==== RECORDS FOR THE EXERCISE ====

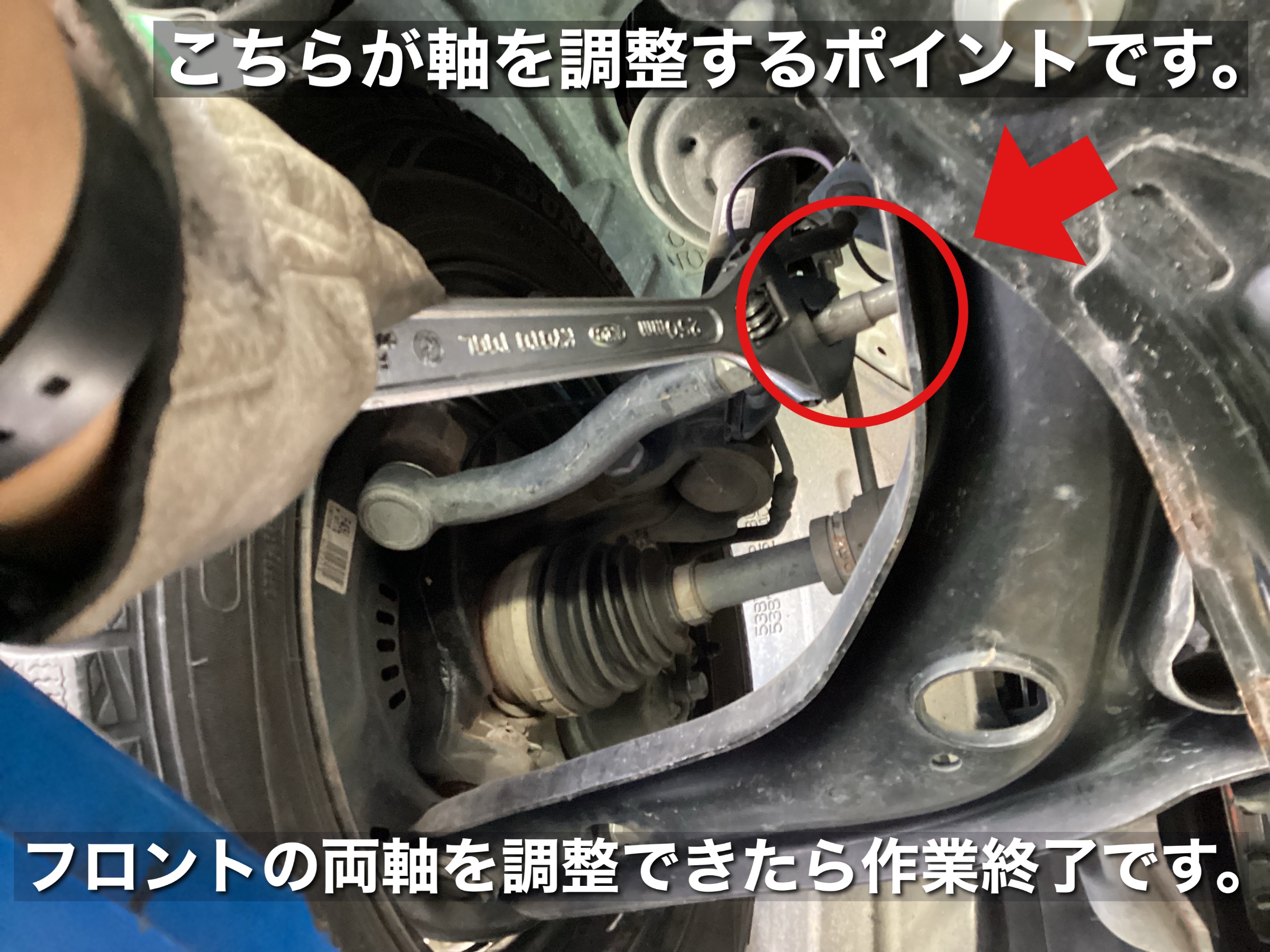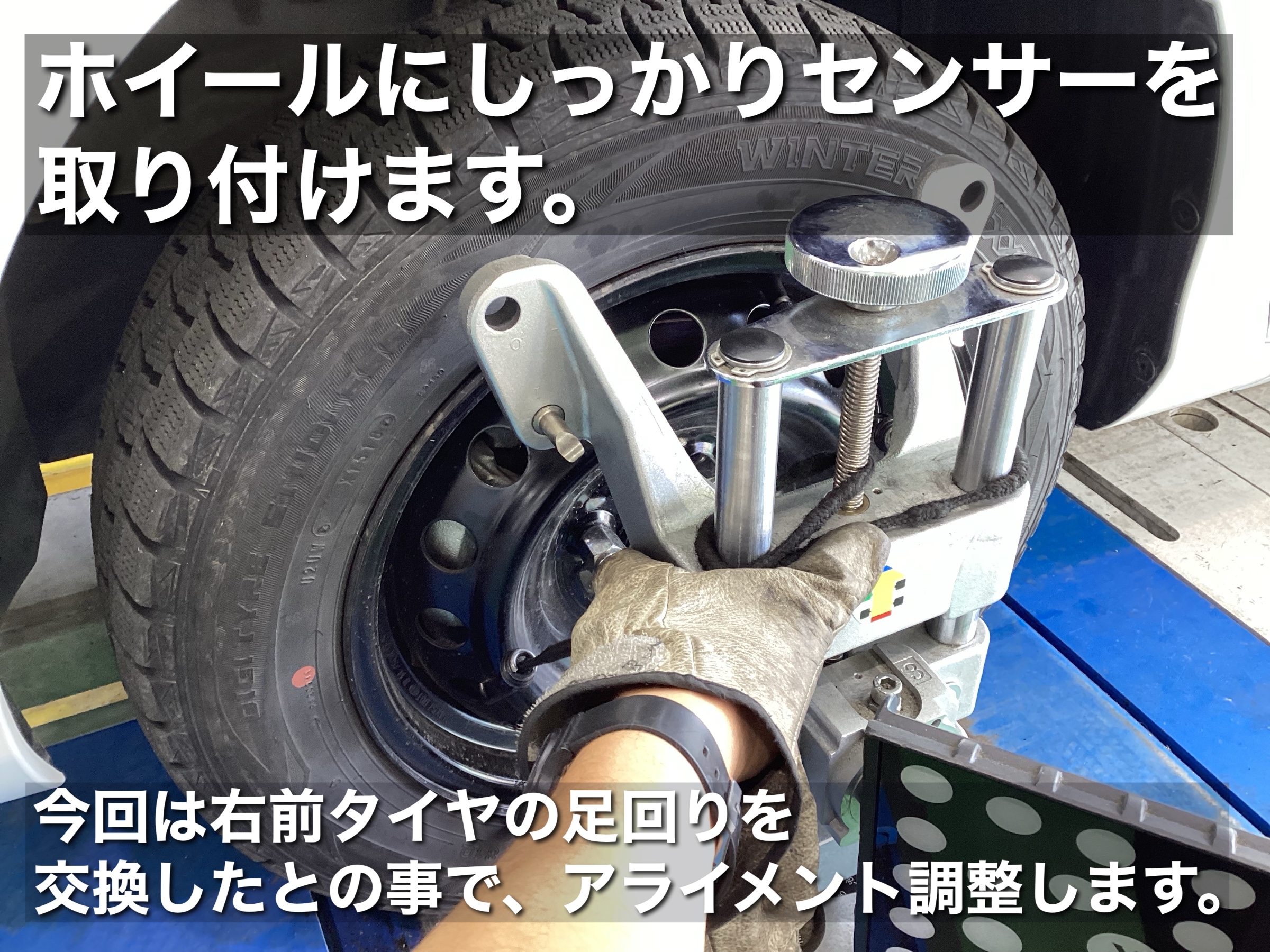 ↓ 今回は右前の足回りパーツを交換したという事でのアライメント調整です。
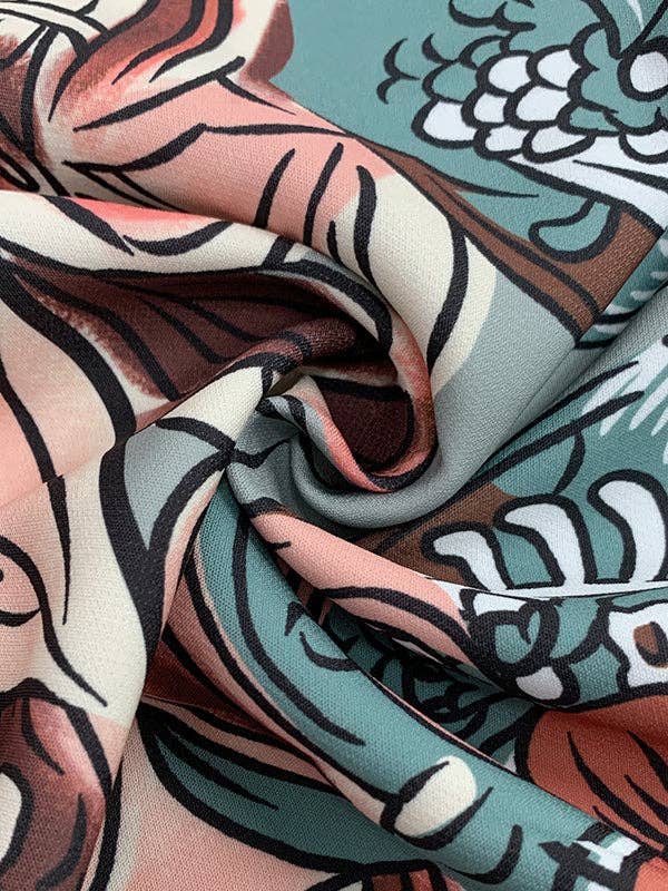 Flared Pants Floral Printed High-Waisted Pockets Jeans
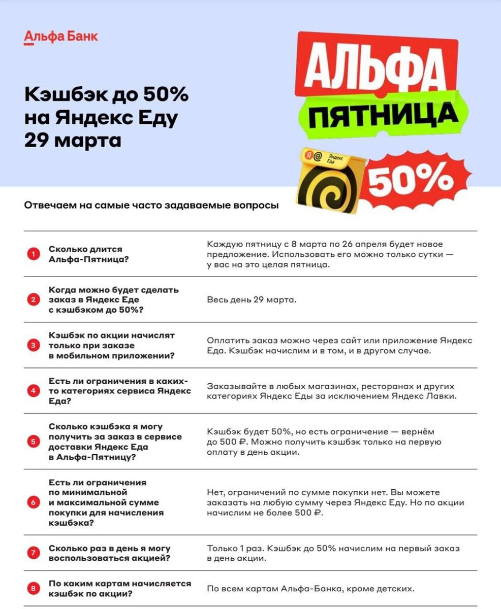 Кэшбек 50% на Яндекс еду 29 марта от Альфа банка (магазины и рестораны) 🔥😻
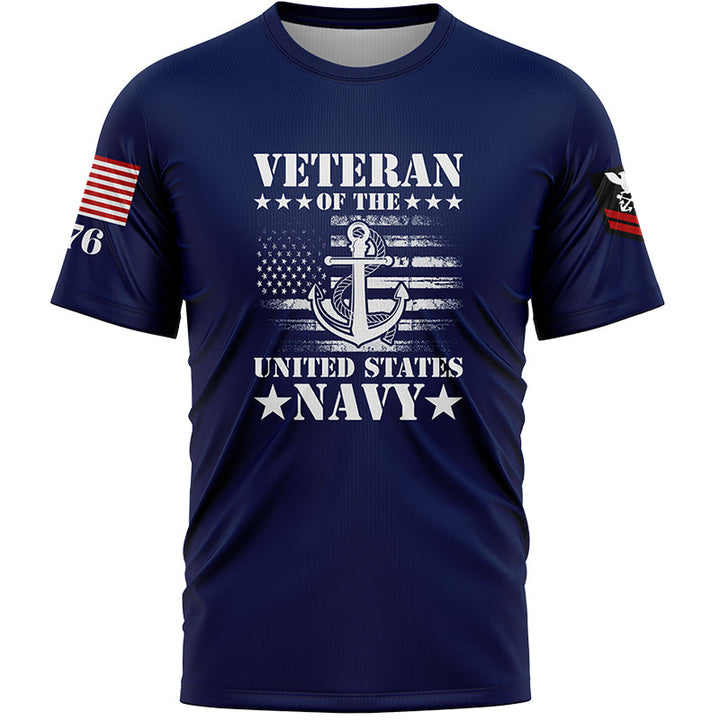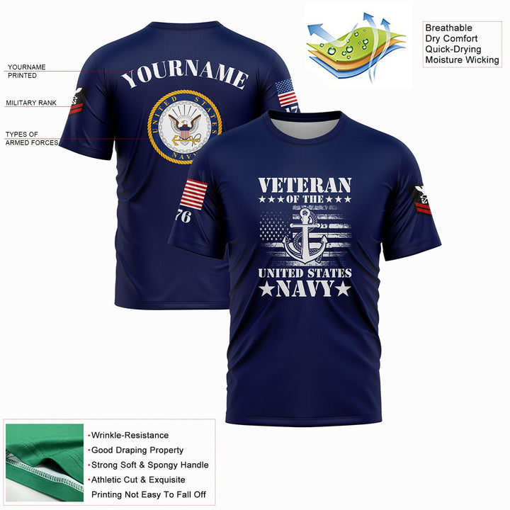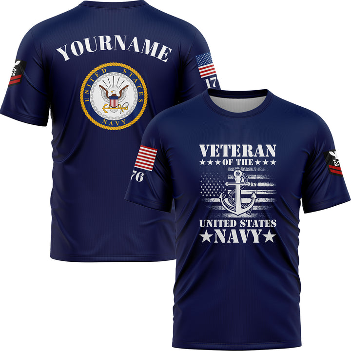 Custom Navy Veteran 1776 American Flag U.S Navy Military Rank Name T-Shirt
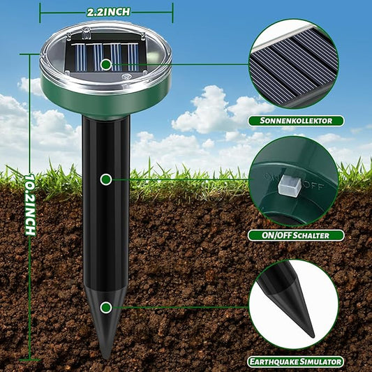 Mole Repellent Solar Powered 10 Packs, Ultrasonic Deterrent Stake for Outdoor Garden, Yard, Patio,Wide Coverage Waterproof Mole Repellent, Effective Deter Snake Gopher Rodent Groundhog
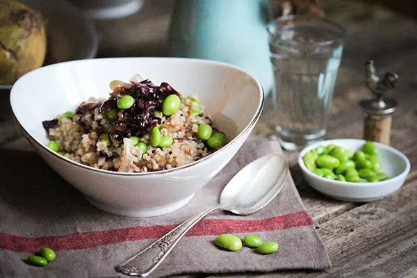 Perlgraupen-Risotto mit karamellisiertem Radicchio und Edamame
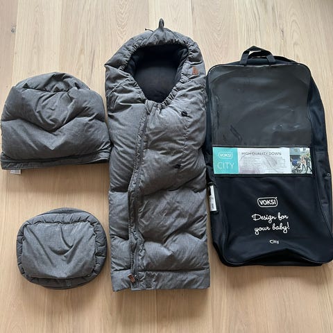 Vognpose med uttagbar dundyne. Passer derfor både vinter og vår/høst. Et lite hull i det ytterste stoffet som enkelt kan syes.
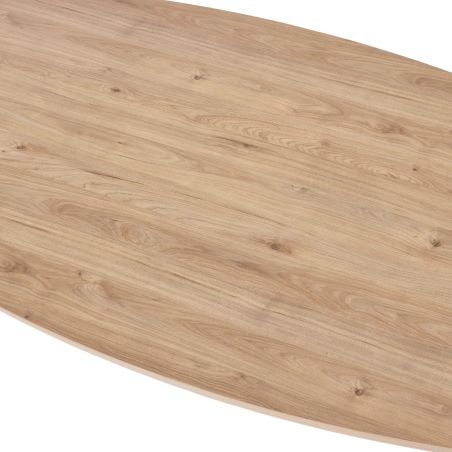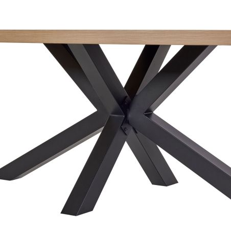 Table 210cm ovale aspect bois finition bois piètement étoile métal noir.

====

# WORK TASK:
Only the lines from the one containing "Custom Navy Veteran" through the last line of the records above should be repeated, exactly and without pictures.

# OUTPUT FOR THIS EXERCISE:
 Custom Navy Veteran 1776 American Flag U.S Navy Military Rank Name T-Shirt
 Mole Repellent Solar Powered 10 Packs, Ultrasonic Deterrent Stake for Outdoor Garden, Yard, Patio,Wide Coverage Waterproof Mole Repellent, Effective Deter Snake Gopher Rodent Groundhog
 Perlgraupen-Risotto mit karamellisiertem Radicchio und Edamame
 Vognpose med uttagbar dundyne. Passer derfor både vinter og vår/høst. Et lite hull i det ytterste stoffet som enkelt kan syes.
 Table 210cm ovale aspect bois finition bois piètement étoile métal noir.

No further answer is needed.